Walking Wounded
( The Destroyer - 74 )
Warren Murphy
Richard Sapir
IT DIDN'T TAKE TWO TO RAMBO
It didn't matter to Remo that his mentor Chiun told him he was acting like a child to want to go back to Vietnam on a mission of rescue and revenge.
It didn't matter to Remo that his superior Smith ordered him to abandon a plan that could upset the delicate balance of world peace.
Remo was out of his skull with remembered rage, and out of control of anyone who wanted to stop him from trying to spring a wartime buddy from a jungle hell. And the Destroyer plunged back into the past to fight a one-man war against an old enemy that would not die but could still kill without mercy and vanish like a ghoulish ghost....
Destroyer 74: Walking Wounded
By Warren Murphy and Richard Sapir
Chapter 1
The footsteps began at the edge of consciousness. Even in sleep, Cung Co Phong recognized them. Somewhere in the deepest recesses of his mind, Phong understood that he slept. He did not want to awaken. Sleep was his only escape. But the familiar, hated footsteps intruded like drumbeats.

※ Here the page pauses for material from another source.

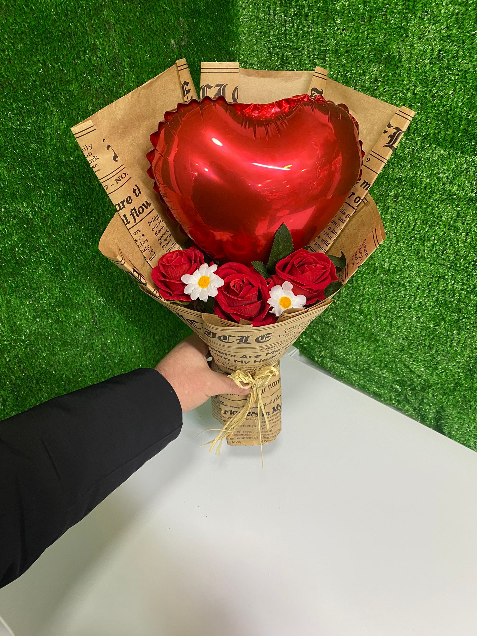 Vintage Aşk Kalp Buketi; kırmızı kalp balonunun romantik parıltısını, kırmızı güllerin klasik zarafeti ve papatyaların masum enerjisiyle buluşturan özel bir tasarımdır.

Phong awoke in a cold sweat.
The Americans still slept. Nothing seemed to rouse them from slumber anymore. They had been here at Camp Fifty-five so long that they'd ceased to fear the wrath of Captain Dai. But Phong feared Captain Dai. Captain Dai had made the task of breaking Phong's spirit his personal responsibility.

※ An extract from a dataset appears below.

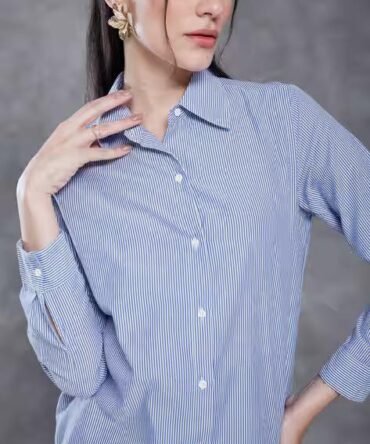Medium Length Spread Collar Full Sleeve Striped Shirt

Phong sat up. The hut was still dark. The hammering of his heartbeat was so loud in his ears that it wasn't until the footsteps were nearly to the rattan door that he realized the camp was alive with activity. Men moved about hurriedly. Shovels were at work. And most amazingly, there were trucks. Many of them. And other vehicles. Gasoline had been rationed tightly since long before Phong had been born, up in Quang Tri province.

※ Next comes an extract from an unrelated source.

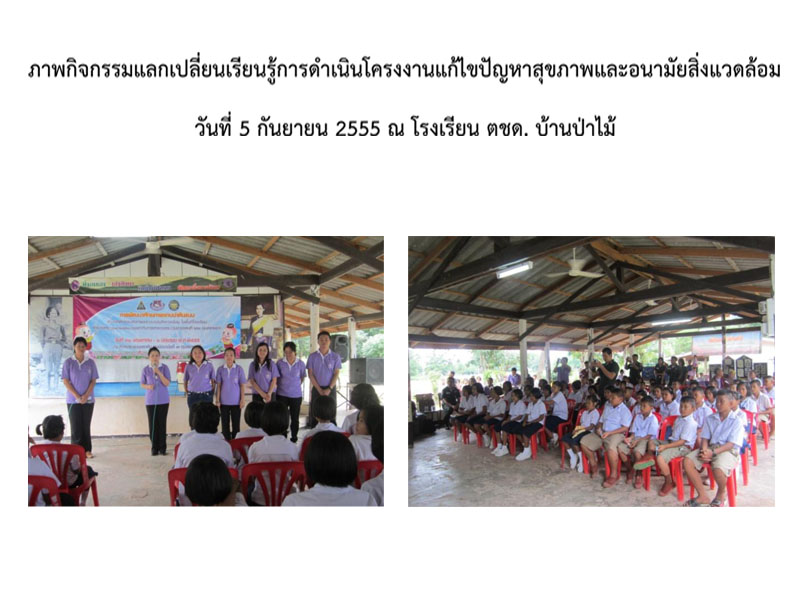หัวข้อกิจกรรมเลขที่ #496 :: กิจกรรมแลกเปลี่ยนเรียนรู้การดำเนินโครงการแก้ปัญหาสุขภาพและอนามัยสิ่งแวดล้อม วันที่ 5 กันยายน 2555 ณ โรงเรียน ตชด.บ้านป่าไม้

Whatever had brought the captain in the middle of the night, it was very, very important.
At the sound of the padlock being opened, Phong nudged the others. Boyette, Pond, Colletta, and the others. And finally the big black one, Youngblood, whose snore did not die away until he stopped blinking his bleary eyes at the grass-mat ceiling.
"Huh! What?" Youngblood mumbled. He grabbed Phong's forearm so sharply it hurt. Of all the Americans, only Youngblood had kept his weight. Even in the worst days of captivity, when all there was to eat was fishbone soup, Youngblood never lost a pound.
"Dai," Phong said in his clipped English. "He come."
"Shit! That ain't good news."
The rattan door banged open and a flashlight stabbed at their eyes.
"Up! Up!" said the shadow behind the light. He was tall for a Vietnamese. His sidearm was holstered. He did not fear them enough to draw it.
"What gives?" someone asked in English.
"Up! Up!" Captain Dai barked, stepping in and kicking the nearest man. Phong.
Phong winced. But he said nothing.
They got to their feet, their hands dangling helplessly at their sides. Their gray cotton clothes had no pockets. They never knew what to do with their hands. Single file, they walked out into the night.
The jungle encroached close to the camp, a moving dark wall of primordial foliage. Within the camp, lights blazed. The two-story officers' huts were being dismantled and the sides loaded into the back of flatbed trucks. Tents were coming down. Provisions-sacks of potatoes and rice-were set against a sandbag wall and a human chain of green-fatigued soldiers was relaying them into a canvas-topped truck.
"Looks like we're moving out," Boyette whispered through set lips.
"No talk!" Captain Dai snapped. Although tall for an Asian, he had thin shoulders that might have been cut from a two-by-four. His face was pocked and pitted, the skin so dry it looked dead. His eyes were bright and black-the avid eyes of a crow. A cigarette dangled from his stained, shovellike teeth.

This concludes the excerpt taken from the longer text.